A postoperative chest tube is rarely needed. The anesthesia team must allow the patient to wake up with minimal cough and movement in order to prevent the risk of early bar displacement. Chest radiography is performed after surgery to confirm good lung expansion and to reveal the final positioning of the bar. The image below shows the placement of two pectus bars in a 17-year-old male with Marfan syndrome and severe pectus excavatum.

Nuss procedure. Chest radiograph of 17-year old ma Nuss procedure. Chest radiograph of 17-year old male with Marfan syndrome and severe pectus excavatum, in whom it was necessary to place two pectus bars.

Medications and therapies typically depend on the patient's response to pain and usually include an epidural catheter, intravenous (IV) narcotics for breakthrough pain, patient-controlled analgesia (PCA; possibly augmented by ultrasound-guided bilateral intercostal nerve blocks [51] ), and selective use of nonsteroidal anti-inflammatory drugs (NSAIDs). [52] Continuation of morphine analgesia after postoperative day 1 may give rise to an increased incidence of urinary retention and nausea and vomiting. [53] Intercostal nerve cryoablation (INC) has been described as an alternative to thoracic epidural analgesia for pain after the Nuss procedure. [54]

Patient mobilization is permitted on postoperative day 1 or 2 by flexing the bed at the hip level and keeping the back straight. The patient is instructed to avoid trunk rotation or to sit in bed with the thoracic spine flexed. The epidural catheter is generally removed on postoperative day 3, and the patient should be fully ambulatory after that point.

After postoperative day 3, the patient is required to ambulate with the assistance of physical and occupational therapy. From postoperative day 4 or 5 onward, the patient is instructed in performing limited exercises at home to facilitate recovery. Ambulation is strongly encouraged from that point. The patient is discharged home once pain is adequately controlled with oral medications. The average length of stay is 4-7 days.

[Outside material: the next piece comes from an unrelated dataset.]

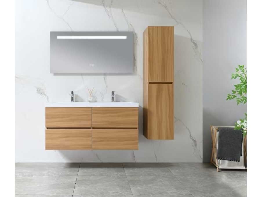 Type: 9015H. Afmeting: 3-delige set: 1 * Wastafelmeubel - 1200x450x600mm, 1 * Zijkast - 1500x350x350mm, 1 * Spiegel- 1200x600mm. Voorzien van: Kranen inclusief pop-up afvoer – 4 stevige metalen lades - Softclose lade systeem - LED spiegel met anti-fog systeem - Voorgemonteerde zijkast en wastafelmeubel. Merk: Vonato Model: Naturis 120 Product type: 2-Persoons 120 cm Hoogte: 60cm Lengte: 45cm Materiaal: Melamine, kunstmarmer Kleur: Licht hout decor Kraan: Inclusief 2 kranen Wastafel: Inclusief dubbele wastafel Spiegelkast: Nee Spiegel: Ja Spiegel met verlichting: Ja Verlichting: Ja Onderkast: Ja Lades: 4 Bevestigingsmateriaal: Ja

Good posture with a straight back is very important, even after discharge.

In a study by Yu et al, application of an enhanced recovery after surgery (ERAS) protocol to the Nuss procedure shortened postoperative drainage time and postoperative hospitalization. [55]  In another study, by Wharton et al, implementation of an ERAS for the Nuss procedure yielded significant reductions in length of stay, early pain scores, and urinary catheter usage, without increasing postoperative emergency department visits and hospital readmissions. [56]


Pectus Bar Removal

The bar generally remains implanted for 3 years; removal is done as an outpatient procedure with the patient under anesthesia. Nuss bar removal has detectable but small effects on diaphragmatic ribcage motion; these effects are unlikely to be of clinical significance. [57] No change in exercise capacity should be expected.

For the bar removal procedure, reopening the right side of the chest using the same surgical scar is usually necessary. This is the side that should have the stabilizer. Once the bar, stabilizer, and sutures are freed from the surrounding tissues, the pectus bar can be pulled out of the chest (see the image below). The bar is pulled out by using an instrument equivalent to a bone hook, in such a way that steady traction is applied and the bar is removed with its curvature brought almost under the operating room table. No need for repeat thoracoscopy exists.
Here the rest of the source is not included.